September 3, 2021
Mars Furor, a recent virtual event for the Lowell Observatory‘s Pluto Circle donors, featured University of Arizona Press authors William Sheehan, as well as Jennifer Putnam, PhD Student, Birkbeck College, University of London. The two discussed our fascination with the red planet from Schiaparelli and Lowell through the Mars rovers of 2021.
Sheehan’s new book, Discovering Mars, A History of Observation and Exploration of the Red Planet, with co-author Jim Bell, delves in to the history of the study and exploration of Mars.

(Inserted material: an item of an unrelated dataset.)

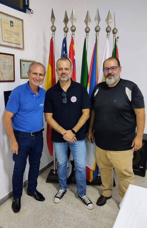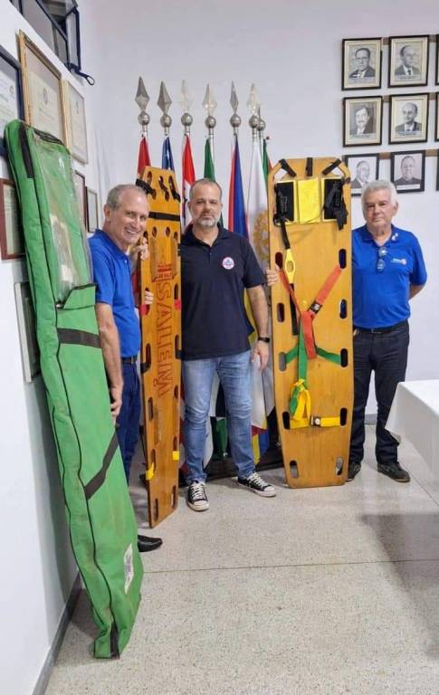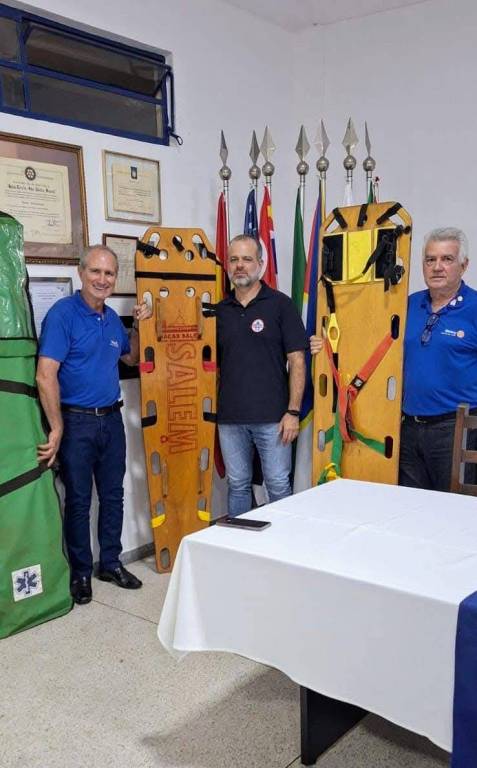 A imagem mostra três homens posando para uma foto em uma sala. Eles estão segurando pranchas de resgate, que são usadas para imobilizar e transportar pessoas feridas. O homem à esquerda está vestindo uma camisa polo azul e calça escura. Ele segura uma prancha laranja com a palavra "SALEM" escrita em letras grandes e vermelhas. O homem no centro está vestindo uma camisa polo preta e calça jeans. Ele também segura a mesma prancha laranja. O homem à direita está vestindo uma camisa polo azul e calça escura, e segura uma prancha amarela com tiras coloridas de segurança. Ao fundo, há várias bandeiras em um suporte, incluindo bandeiras do Brasil e de outros países. Na parede, há quadros com certificados e diplomas. No canto inferior direito da imagem, há uma mesa coberta com uma toalha branca, sobre a qual está um celular.
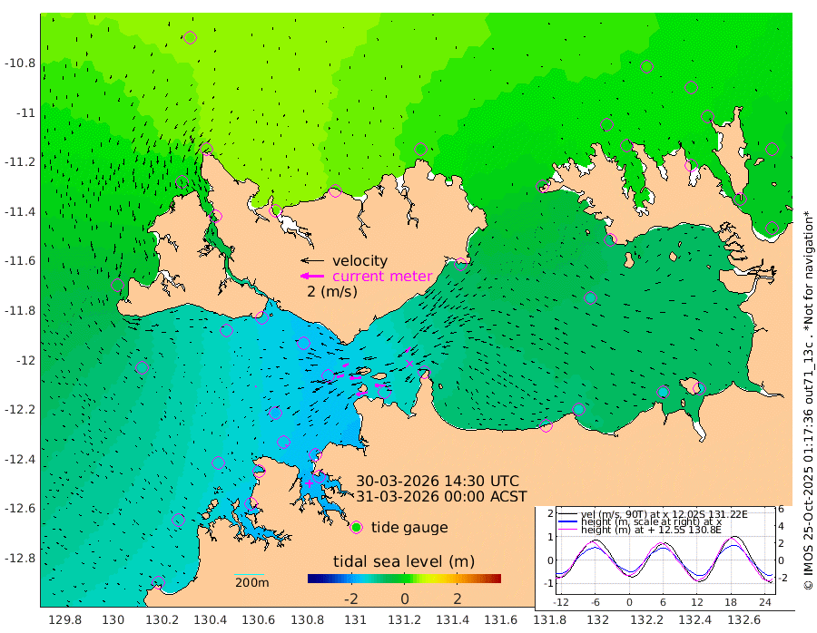 100cm/s -101T +4cm/s rms + 6cm/s 51T. Darwin_C1 52m 92cm/s -91T +4cm/s rms + 7cm/s -161T. Darwin_CW1 22m 63cm/s -107T +4cm/s rms + 8cm/s 61T. Darwin_CW2 34m 60cm/s -137T +3cm/s rms + 9cm/s 98T. Darwin_CW3 22m 97cm/s -91T +5cm/s rms + 7cm/s 88T. Darwin_C3 56m 51cm/s -116T +2cm/s rms + 9cm/s -126T. Darwin_CTbW 22m 8cm/s -136T +1cm/s rms + 1cm/s -47T. DARBGF 30m 6cm/s -134T +4cm/s rms + 3cm/s 80T. NRSDAR 19m 38cm Goodrich Bank -127cm Point Jenny -126cm Native Point -144cm Fish Reef -147cm Tapa Bay -35cm Point Fawcett (Offshore) -175cm Burge Point -139cm Munkunuwa -115cm Beagle A -162cm Parsons Bank -173cm Fenton Patches -160cm Hancox Shoal Area -170cm Nightcliff -183cm Darwin -155cm Charles Point Patches -143cm Glyde Point -124cm Chambers Bay -126cm Point Stuart -125cm Cape Hotham -114cm Christine Reef -138cm West Alligator Head -139cm East Field Island -99cm Two Hills Bay -102cm Camp Point -143cm Medina Inlet South -23cm South Barlow Point 2cm St. Asaph Bay 36cm Cape Van Dieman 35cm Snake Bay 31cm Cache Point 12cm Point Jahleel (Off) -32cm Cape Don 10cm Port Essington 9cm Smith Point - West 13cm NW Peacock Island 32cm North Of Jones Shoal 10cm Peacock Island -1cm Point David 9cm D'urville Point -5cm Copeland Island 3cm One Tree Point

Discovering Mars vividly conveys the way our understanding of this other planet has grown from earliest times to the present. The story is epic in scope—an Iliad or Odyssey for our time, at least so far largely without the folly, greed, lust, and tragedy of those ancient stories. Instead, the narrative of our quest for the Red Planet has showcased some of our species’ most hopeful attributes: curiosity, cooperation, exploration, and the restless drive to understand our place in the larger universe. Sheehan and Bell have written an ambitious first draft of that narrative even as the latest chapters continue to be added both by researchers on Earth and our robotic emissaries on and around Mars, including the latest: the Perseverance rover and its Ingenuity helicopter drone, which set down in Mars’s Jezero Crater in February 2021.